Records for the exercise Block Start

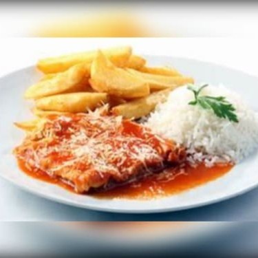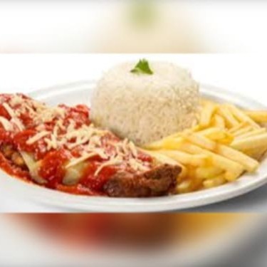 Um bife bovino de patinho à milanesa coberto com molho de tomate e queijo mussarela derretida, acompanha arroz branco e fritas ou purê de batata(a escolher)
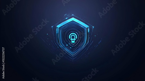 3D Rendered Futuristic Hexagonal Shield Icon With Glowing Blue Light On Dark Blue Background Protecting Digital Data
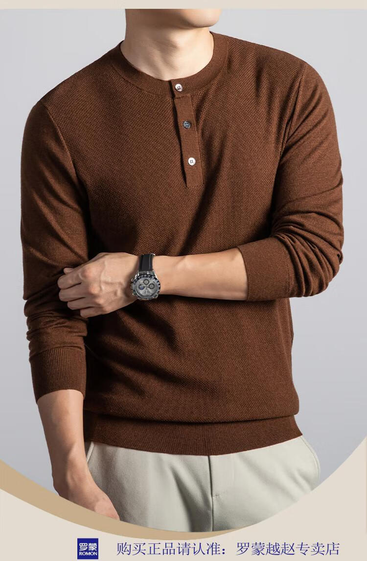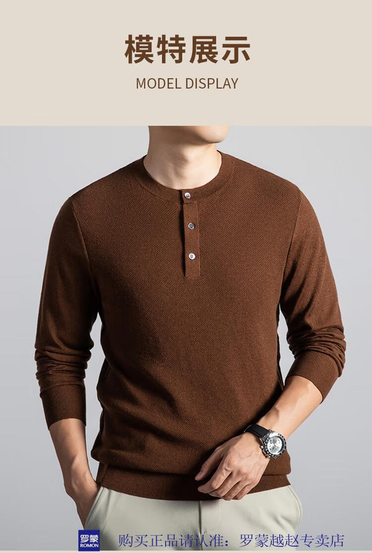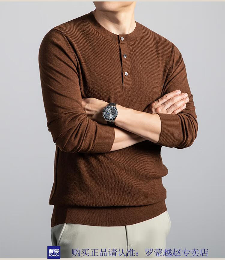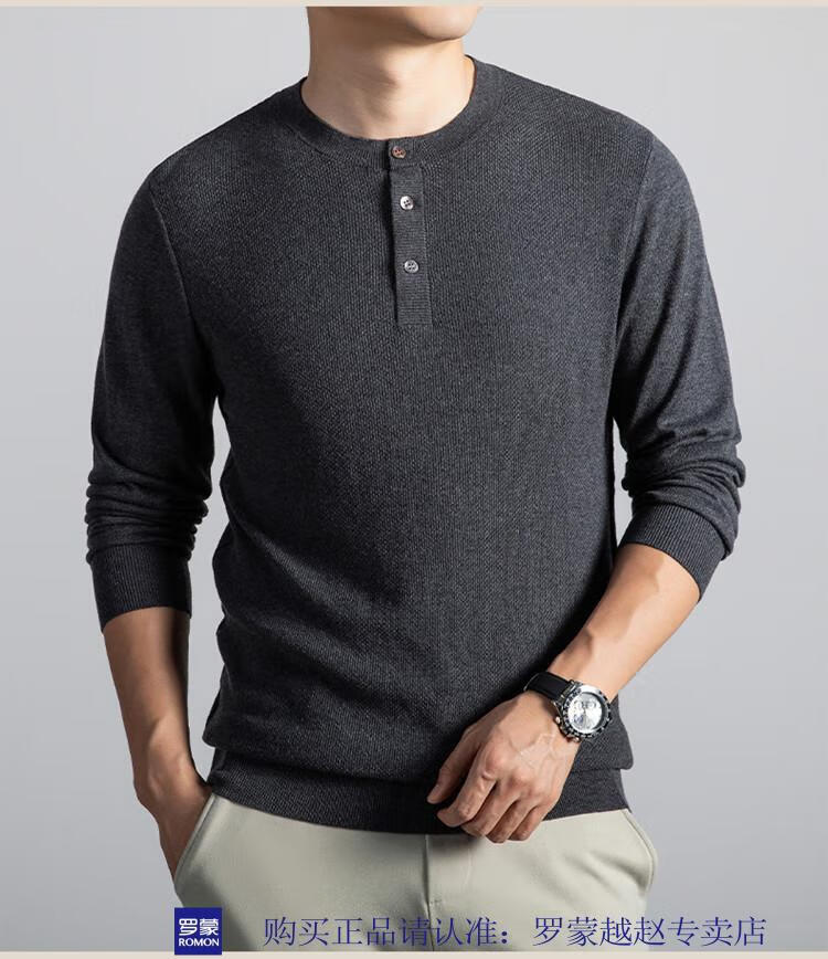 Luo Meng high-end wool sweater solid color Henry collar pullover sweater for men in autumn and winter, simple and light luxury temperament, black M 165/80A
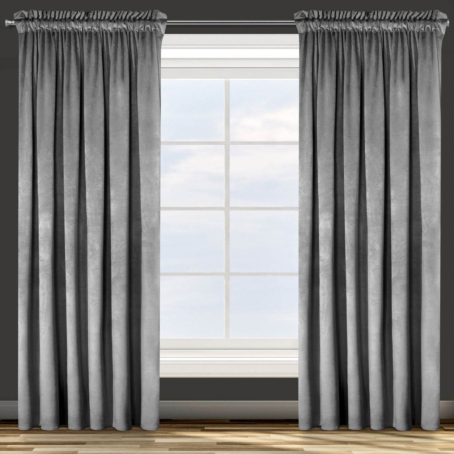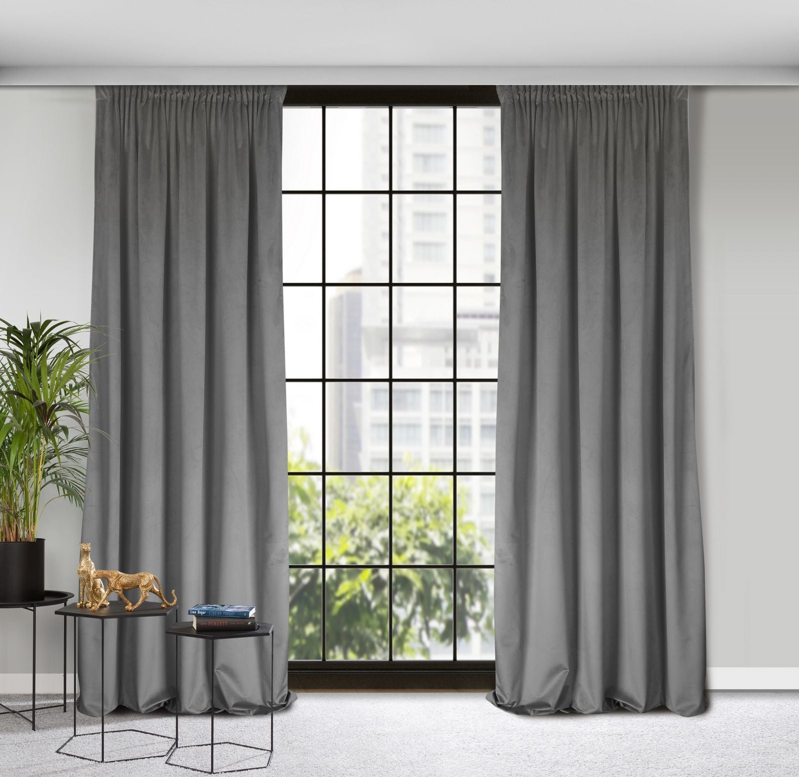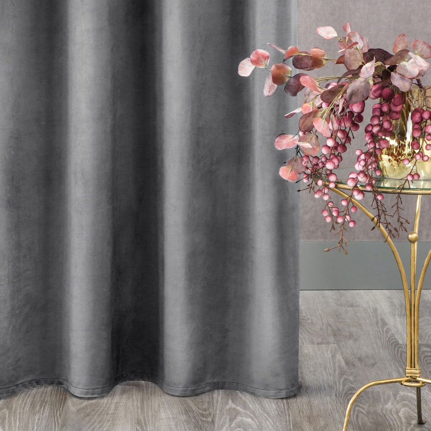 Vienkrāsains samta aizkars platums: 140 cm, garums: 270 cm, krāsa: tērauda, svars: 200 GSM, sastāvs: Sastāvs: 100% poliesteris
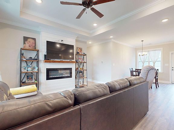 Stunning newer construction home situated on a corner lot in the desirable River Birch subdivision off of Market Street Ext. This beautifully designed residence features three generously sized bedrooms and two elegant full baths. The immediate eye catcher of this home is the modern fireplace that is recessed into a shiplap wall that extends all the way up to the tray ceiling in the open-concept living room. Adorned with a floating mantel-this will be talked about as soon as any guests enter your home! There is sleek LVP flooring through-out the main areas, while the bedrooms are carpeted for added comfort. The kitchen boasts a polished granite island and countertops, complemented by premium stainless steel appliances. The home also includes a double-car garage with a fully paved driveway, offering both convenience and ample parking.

Records for the exercise Block End

● Task: Up to and including the line with "Vienkrāsains samta aizkars", copy the data above from its first line. Skip pictures.

● Response area:
 Um bife bovino de patinho à milanesa coberto com molho de tomate e queijo mussarela derretida, acompanha arroz branco e fritas ou purê de batata(a escolher)
 3D Rendered Futuristic Hexagonal Shield Icon With Glowing Blue Light On Dark Blue Background Protecting Digital Data
 Luo Meng high-end wool sweater solid color Henry collar pullover sweater for men in autumn and winter, simple and light luxury temperament, black M 165/80A
 Vienkrāsains samta aizkars platums: 140 cm, garums: 270 cm, krāsa: tērauda, svars: 200 GSM, sastāvs: Sastāvs: 100% poliesteris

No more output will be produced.